Department of Biostatistics and Computational Biology, University of Rochester Medical Center, Rochester, NY, USA.
Immunology and Microbiology, University of Rochester Medical Center, Rochester, NY, USA.
J Transl Med. 2023 Mar 4;21(1):172. doi: 10.1186/s12967-023-03997-9.
Suboptimal maternal oral health during pregnancy is potentially associated with adverse birth outcomes and increased dental caries risks in children. This study aimed to assess the oral microbiome and immune response following an innovative clinical regimen, Prenatal Total Oral Rehabilitation (PTOR), that fully restores women's oral health to a "disease-free status" before delivery.
This prospective cohort study assessed 15 pregnant women at baseline and 3 follow-up visits (1 week, 2 weeks, and 2 months) after receiving PTOR. The salivary and supragingival plaque microbiomes were analyzed using metagenomic sequencing. Multiplexed Luminex cytokine assays were performed to examine immune response following PTOR. The association between salivary immune markers and oral microbiome was further examined.

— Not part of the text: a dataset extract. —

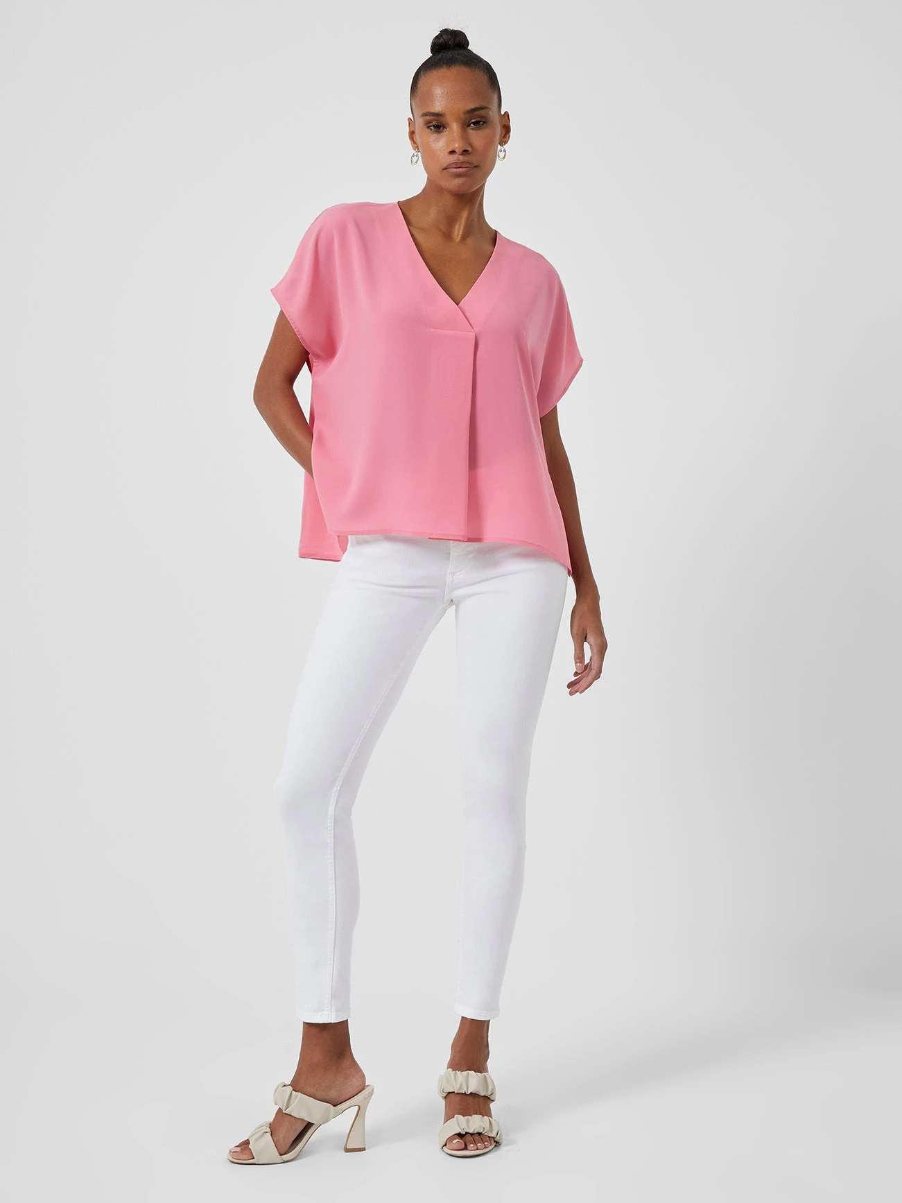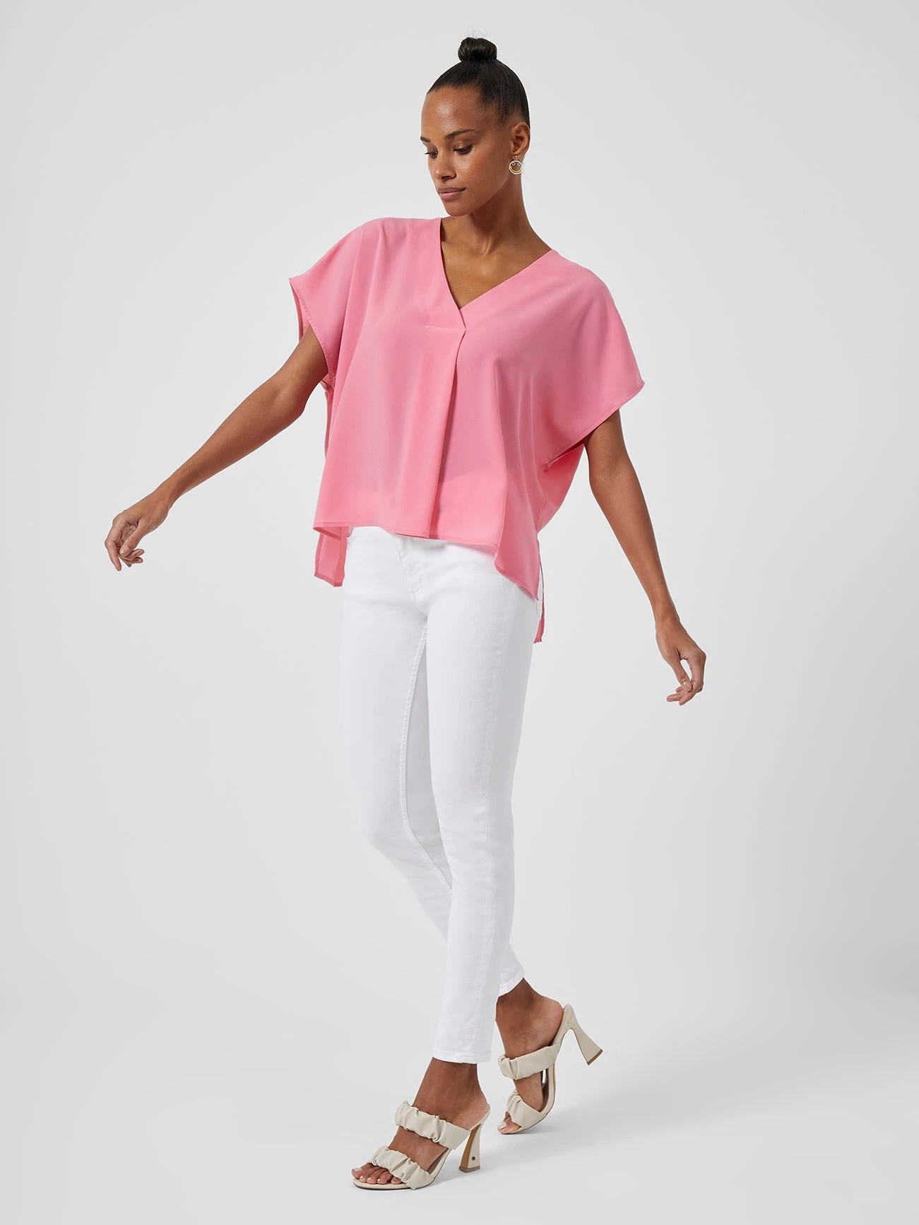 The Crepe Light V-neck Top is destined to become your new go-to basic. It features a relaxed fit, V-neckline and unique fold design.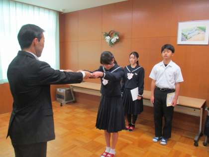 先日行われた委員会にて委員長に選ばれた生徒が校長先生より認証状を受け取りました。

PTOR was associated with a reduction of periodontal pathogens in plaque, for instance, a lower relative abundance of Tannerella forsythia and Treponema denticola at 2 weeks compared to the baseline (p < 0.05). The alpha diversity of plaque microbial community was significantly reduced at the 1-week follow-up (p < 0.05). Furthermore, we observed significant changes in the Actinomyces defective-associated carbohydrate degradation pathway and Streptococcus Gordonii-associated fatty acid biosynthesis pathway. Two immune markers related to adverse birth outcomes significantly differed between baseline and follow-up. ITAC, negatively correlated with preeclampsia severity, significantly increased at 1-week follow-up; MCP-1, positively correlated with gestational age, was elevated at 1-week follow-up. Association modeling between immune markers and microbiome further revealed specific oral microorganisms that are potentially correlated with the host immune response.
PTOR is associated with alteration of the oral microbiome and immune response among a cohort of underserved US pregnant women. Future randomized clinical trials are warranted to comprehensively assess the impact of PTOR on maternal oral flora, birth outcomes, and their offspring's oral health.
孕妇口腔健康状况不佳可能与不良分娩结局和儿童龋齿风险增加有关。本研究旨在评估一种创新的临床方案——产前全面口腔康复(PTOR)后口腔微生物组和免疫反应,该方案可在分娩前将女性的口腔健康完全恢复到“无疾病状态”。
本前瞻性队列研究在基线时评估了 15 名孕妇,并在接受 PTOR 后进行了 3 次随访(1 周、2 周和 2 个月)。使用宏基因组测序分析唾液和龈上菌斑微生物组。通过多重 Luminex 细胞因子测定法检测 PTOR 后免疫反应。进一步检查唾液免疫标志物与口腔微生物组之间的关联。
PTOR 与菌斑中牙周病原体的减少有关,例如,与基线相比,2 周时坦纳拉福赛思氏菌和牙髓密螺旋体的相对丰度降低(p<0.05)。菌斑微生物群落的 alpha 多样性在 1 周随访时显著降低(p<0.05)。此外,我们观察到 Actinomyces defective 相关碳水化合物降解途径和 Streptococcus Gordonii 相关脂肪酸生物合成途径的显著变化。与不良分娩结局相关的两个免疫标志物在基线和随访之间有显著差异。与子痫前期严重程度呈负相关的 ITAC 在 1 周随访时显著增加;与胎龄呈正相关的 MCP-1 在 1 周随访时升高。免疫标志物与微生物组之间的关联模型进一步显示,特定的口腔微生物可能与宿主免疫反应相关。
PTOR 与美国未得到充分服务的孕妇队列的口腔微生物组和免疫反应改变有关。需要进行随机临床试验来全面评估 PTOR 对产妇口腔菌群、分娩结局及其后代口腔健康的影响。